The current M&E plan for the project involves a participatory evaluation, primarily an analysis of survey data on whether respondents thought the projects “were helpful or very helpful,” supplemented by discussions with recipient organizations. A major limitation of this approach is the lack of a comparison group; data were collected only from groups or citizens who received USAID support (i.e., that were “treated”) and no effort was made to collect additional data from groups or citizens who did not receive USAID support (i.e., that could serve as a “control”). Any changes identified in the data attributed to the project might just as easily have been caused by confounding trends that happened to be taking place at the same time and that affected all communities (the project was implemented during an election period, so the more general effects of electoral mobilization cannot be ruled out as an alternative explanation for the observed changes in lobbying activism). Even in a small N design, an impact evaluation design (as opposed to the current M&E approach) that tracks trends both before and after a program is implemented and explicitly identifies untreated units for which comparable outcomes could be measured would provide much greater confidence in any inferences about the project’s actual effects.
If there are large amounts of data, the techniques described earlier (propensity score matching, regression discontinuity) can be employed.

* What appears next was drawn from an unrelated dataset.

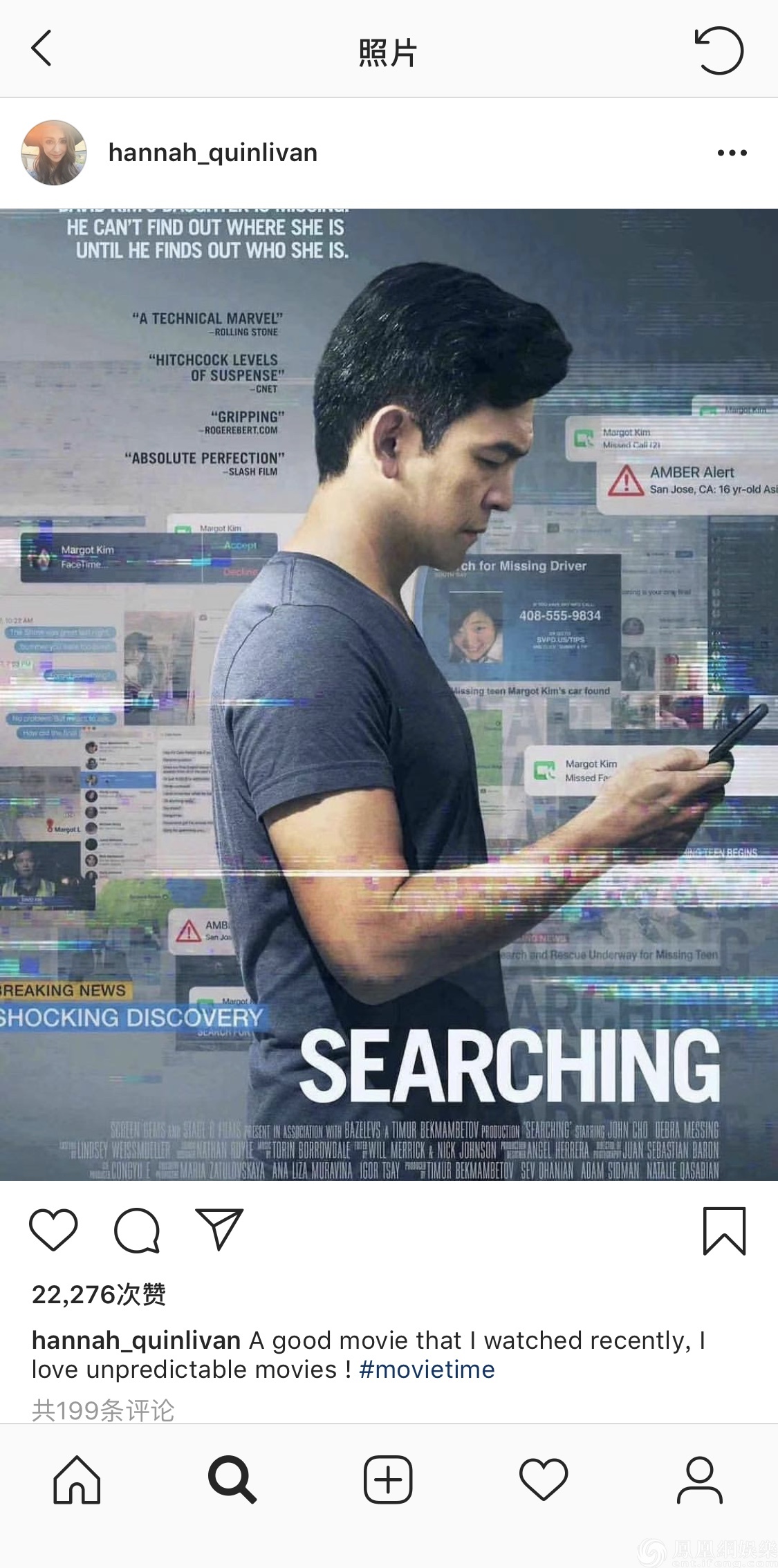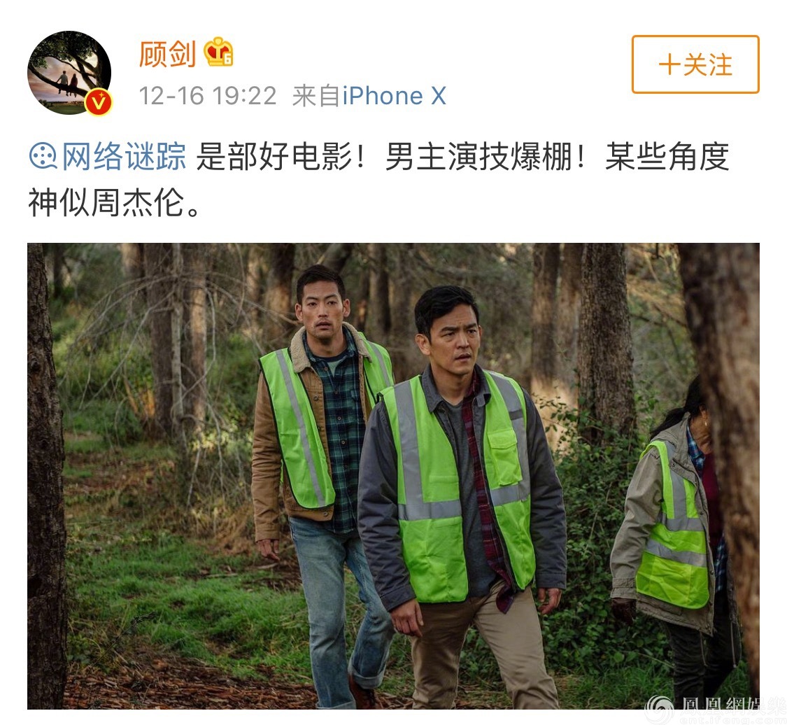 電影上映后,電影新奇的拍攝方式,及對互聯網時代的頗多映射,引發了不少觀眾的熱議。有趣的是,主演約翰·趙因為長相酷似“周杰倫”,也讓網友一度“臉盲”,調侃《網絡謎蹤》其實是由周杰倫主演的,“周杰倫新片《網絡謎蹤》真的很好看,真情實感地演繹了一個寵女狂魔”,“形式新穎,‘周杰倫’表演到位并且賊帥!”還有網友腦洞大開地幻想:“約翰·趙如果來華宣傳,就會變成真假周杰倫哈哈哈哈。”
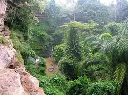 A predominant natural feature in Koforidua is the 'Obuo Tabri' Mountain, which is considered sacred. Nearby is Akosombo Dam which holds Lake Volta, the world's largest man-made lake. Waterfalls in the area such as Akan Falls and Boti Falls and the Umbrella Rock attract tourists to New Juaben Municipal District and Eastern Region.

In this context, however, there is no substitute for careful, qualitatively matched comparisons. For example, if three districts were selected in which to implement the program, the evaluator would need to identify three additional districts that are similar on a set of variables believed to be associated with the targeted outcomes (e.g., income, government capacity, infrastructure). More qualitative approaches mirror the logic underlying the quantitative techniques—the goal is to identify a relevant counterfactual in order to distinguish the impact of the program from spatial or temporal trends that, while outside the ambit of the DG assistance program, could influence outcomes in the areas being observed.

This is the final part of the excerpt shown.